**PROBLEM TO WORK ON:** Please retype the data below exactly, stopping after the line with "Breckenridge-B glorious glow" and skipping every picture.

[Source data]
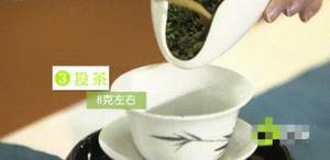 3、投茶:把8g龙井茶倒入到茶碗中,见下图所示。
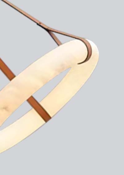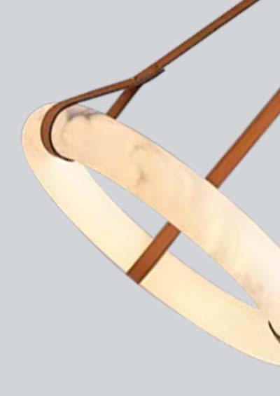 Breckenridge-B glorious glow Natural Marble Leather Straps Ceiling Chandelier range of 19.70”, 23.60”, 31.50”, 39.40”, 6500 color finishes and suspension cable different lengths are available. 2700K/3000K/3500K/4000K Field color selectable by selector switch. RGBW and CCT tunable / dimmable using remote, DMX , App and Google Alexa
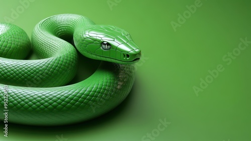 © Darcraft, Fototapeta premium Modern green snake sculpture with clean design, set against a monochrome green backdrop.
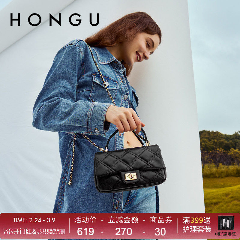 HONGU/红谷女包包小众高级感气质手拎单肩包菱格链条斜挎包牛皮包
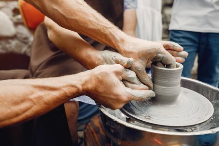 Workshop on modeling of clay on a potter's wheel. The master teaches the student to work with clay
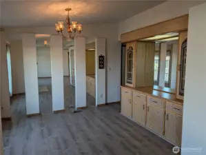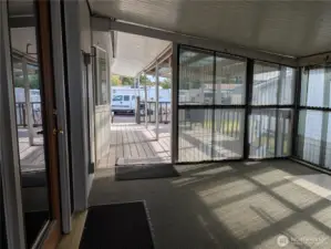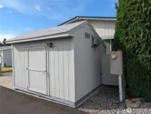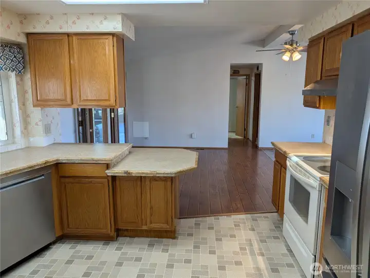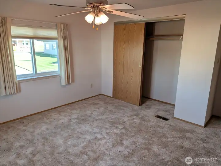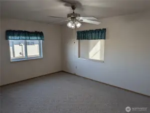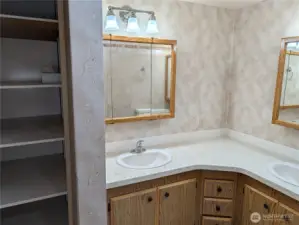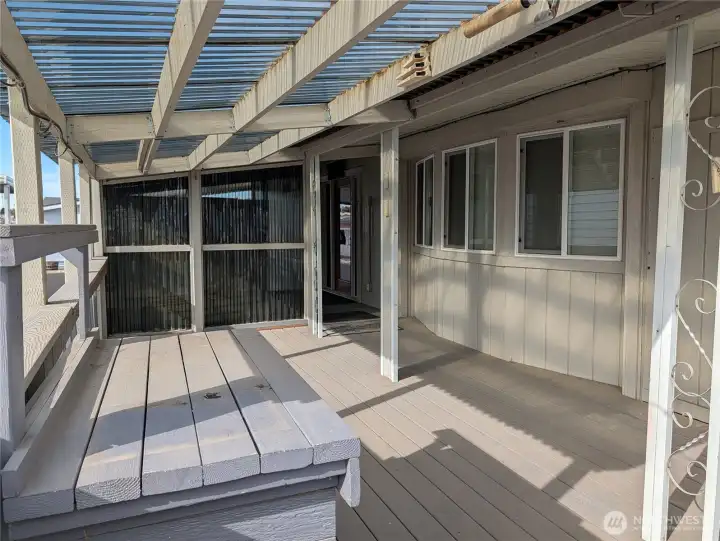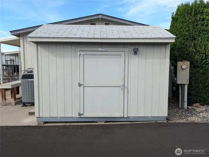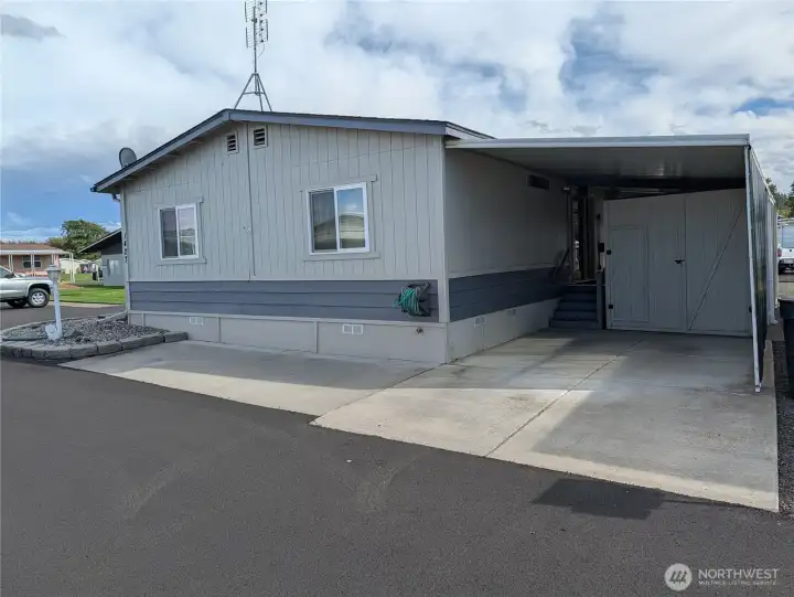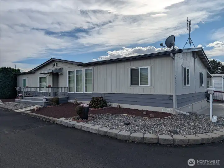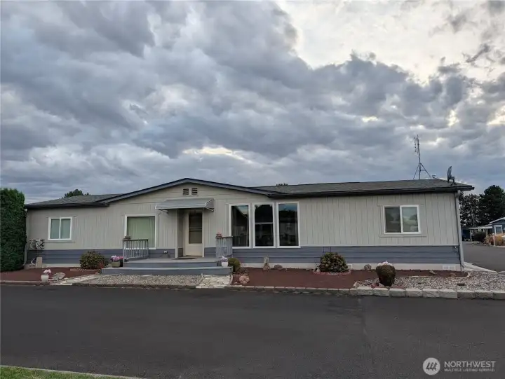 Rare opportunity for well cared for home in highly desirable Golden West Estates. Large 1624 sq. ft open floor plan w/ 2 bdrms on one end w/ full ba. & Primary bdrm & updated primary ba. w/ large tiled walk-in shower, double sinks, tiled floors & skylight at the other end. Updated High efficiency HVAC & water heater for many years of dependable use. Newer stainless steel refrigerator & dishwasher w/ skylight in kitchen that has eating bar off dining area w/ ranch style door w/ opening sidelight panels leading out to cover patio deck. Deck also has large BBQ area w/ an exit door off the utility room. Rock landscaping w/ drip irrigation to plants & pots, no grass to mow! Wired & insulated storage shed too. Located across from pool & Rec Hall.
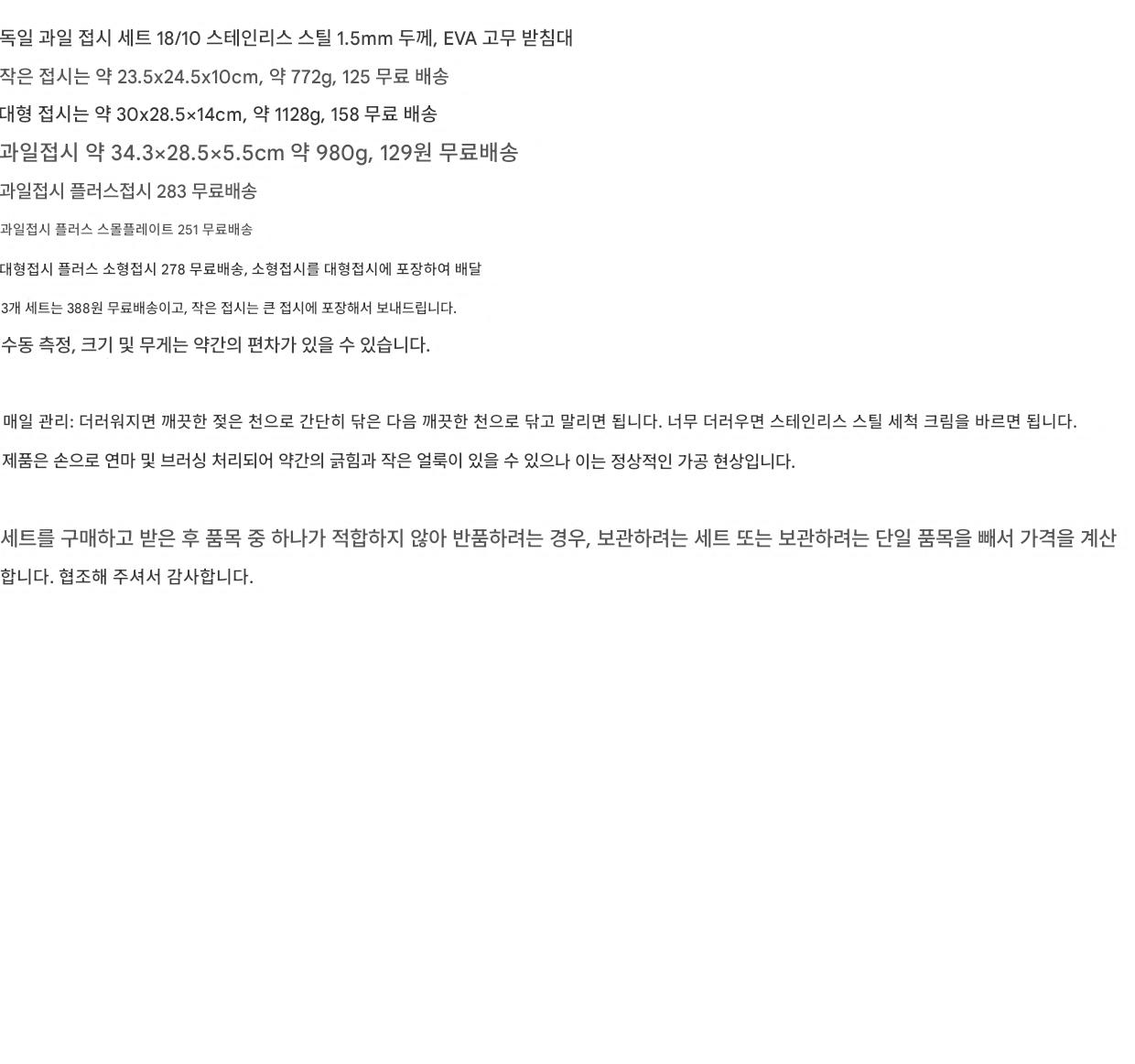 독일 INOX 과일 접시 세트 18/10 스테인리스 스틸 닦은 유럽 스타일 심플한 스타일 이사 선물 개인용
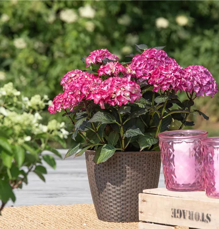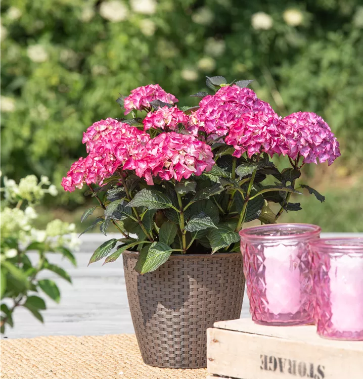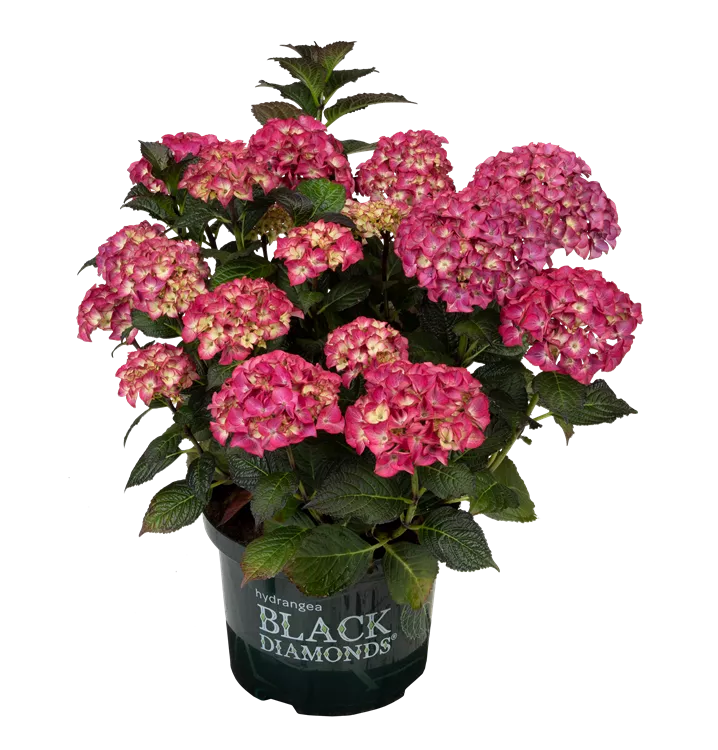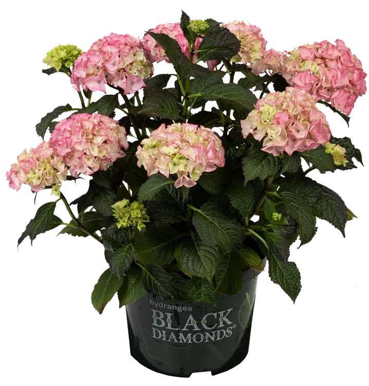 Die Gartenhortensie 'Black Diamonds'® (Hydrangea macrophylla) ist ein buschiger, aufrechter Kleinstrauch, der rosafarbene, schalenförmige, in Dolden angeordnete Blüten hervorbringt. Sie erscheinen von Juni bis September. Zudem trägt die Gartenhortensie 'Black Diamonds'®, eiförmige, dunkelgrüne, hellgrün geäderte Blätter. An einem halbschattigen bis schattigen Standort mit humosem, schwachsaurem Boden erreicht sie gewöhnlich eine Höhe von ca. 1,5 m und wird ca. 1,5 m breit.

**WRITTEN RESPONSE:**
 3、投茶:把8g龙井茶倒入到茶碗中,见下图所示。
 Breckenridge-B glorious glow Natural Marble Leather Straps Ceiling Chandelier range of 19.70”, 23.60”, 31.50”, 39.40”, 6500 color finishes and suspension cable different lengths are available. 2700K/3000K/3500K/4000K Field color selectable by selector switch. RGBW and CCT tunable / dimmable using remote, DMX , App and Google Alexa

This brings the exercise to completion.